Jean Claude;n1140491 said:
Well, Richard S. Lindzen, Alfred P. Sloan Professor of Meteorology at the Massachusetts Institute of Technology until his retirement in 2013, author of over 200 papers on meteorology and climatology and member of the US National Academy of Sciences and of the Academic Advisory Council of GWPF, gives he layman' arguments ?
You cut off the first part of my sentence when you quoted it. I started it with this:

There are always dissenters in science (just look at the research about the health effects of smoking) but...

The climate dissenter you cite (who, by the way, also questions any link between second hand tobacco smoke and health effects) provides the sort of ammunition that laymen cling to for support when they choose to ignore an overwhelming consensus. Why would laymen choose to believe a dissenter instead of the huge proportion of qualified experts who hold the contrary position? That choice is made politically, according to which answer one wants to be true, and not through scientific reasoning.
 
Well, gee loftus, the 'overwhelming consensus' among Hindus is that their religion is the right one, but the fanatic followers of Allah think that they are following the true path, but wait, all the other religious types overwhelmingly believe that they are following the right teachings to get to heaven/Valhalla/virgins..... Just 'cause you got "overwhelming consensus" doesn't necessarily add up to "right".

Oh, P.S. I made up all that "data" just now, prove I didn't.....
-Smack-
 
Smack;n1140528 said:
Well, gee loftus, the 'overwhelming consensus' among Hindus is that their religion is the right one, but the fanatic followers of Allah think that they are following the true path, but wait, all the other religious types overwhelmingly believe that they are following the right teachings to get to heaven/Valhalla/virgins..... Just 'cause you got "overwhelming consensus" doesn't necessarily add up to "right".

Oh, P.S. I made up all that "data" just now, prove I didn't.....
-Smack-

Yes, and despite the 'overwhelming consensus' that the earth is round, there are still those of the opinion that it's flat.
My post was not to convince you or the other 'dissenters', clearly that is never going to happen, no matter how much data or proof or evidence is presented to the contrary; it was really addressed to Kolibri, Waspair, Jean-Claude and others who go with the overwhelming rational, scientific, observed data, driven consensus. Nothing's perfect, but as someone trained as a scientist, I usually follow where the bulk of the evidence leads.
 
"Horst-Joachim Lüdecke, a spokesman for the European Institute for Climate and Energy (EIKE), said climate change zealots had created a “new religion.”

“The religion of manmade global warming is not supposed to be questioned,” Ludecke said at the press briefing. “Instead of this, they propagate worldwide action for establishing extremely expensive programs to reduce C02 emissions.”

“There is no scientific proof” of manmade climate change, Ludecke said, “It is only a hypothesis.”

“Therefore there is no need for any policy for reducing, regulating, or taxing CO2,” Ludecke said."
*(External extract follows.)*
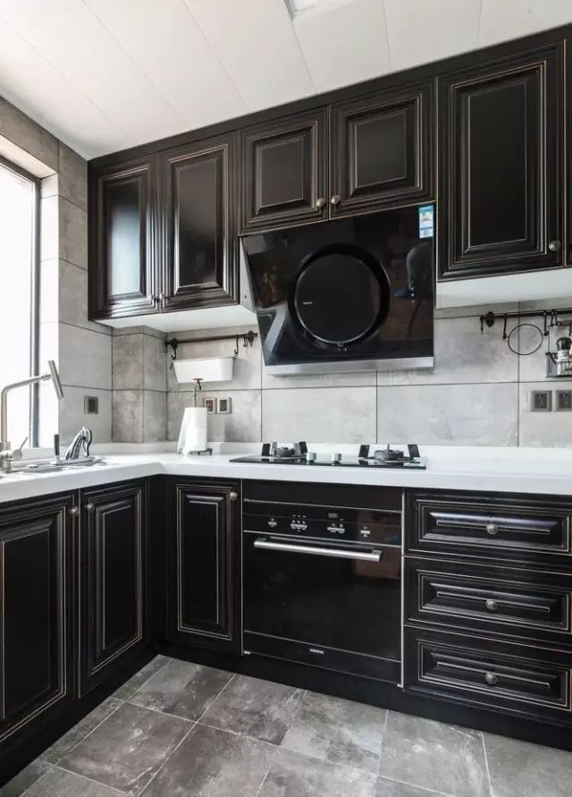 ▲厨房地面采用了水泥色,橱柜线条感明显,颜色表面比较透亮,富有光泽的黑色让厨房不会显得那么沉闷。

http://m.solarcycle25.com/?id=362
 
So now we have citations to two climate dissenters. They remain a tiny minority.
 
Smack;n1140528 said:
Well, gee loftus, the 'overwhelming consensus' among Hindus is that their religion is the right one, but the fanatic followers of Allah think that they are following the true path, but wait, all the other religious types overwhelmingly believe that they are following the right teachings to get to heaven/Valhalla/virgins..... Just 'cause you got "overwhelming consensus" doesn't necessarily add up to "right"

The obvious difference is that "truth" in religion is a highly personal matter judged by laymen on the basis faith and belief. Science is not a matter of faith or belief, nor does it depend upon the opinions of laypeople. It works by observational evidence and expert evaluation of objective data. Consensus across religions is never to be expected, while consensus among scientists is how theory is accepted and progress is made.
 
Of course there’s a 98% agreement about CO2 among Al Gore’s acolytes, those individuals and institutions dependent upon government handouts. Any dissenting opinions are shouted down; that’s not science, it’s mob rule.
 
Give him credit Waspair, at least now he admits that we do have global warming. Just not our fault. So even if we were to give these limited number of 'dissenters' as much credit as the remaining 98%, we ought to come down somewhere in the middle. The planet is warming, both the sun and manmade contribute to the problem - whatever the sun is doing, we are likely , making it worse. It's OK to dissent, just don't be surprised that your arguments can be refuted and overwhelmed by other opinions. Bottom line is the effects on large parts of the planet, like loss of sea ice, rising seas, species extinction, ocean acidification, changes in weather patterns etc are evident and measurable. Combine with this the general trashing of the environment due to human activity and it's pretty clear we have a problem developing that we are creating for our kids. There's a pretty strong argument for modifying what we do in numerous ways and not just continuing as we are. Nevertheless I'm not confident that we have a hope in hell of being successful.
 
WaspAir;n1140535 said:
The obvious difference is that "truth" in religion is a highly personal matter judged by laymen on the basis faith and belief. Science is not a matter of faith or belief, nor does it depend upon the opinions of laypeople. It works by observational evidence and expert evaluation of objective data. Consensus across religions is never to be expected, while consensus among scientists is how theory is accepted and progress is made.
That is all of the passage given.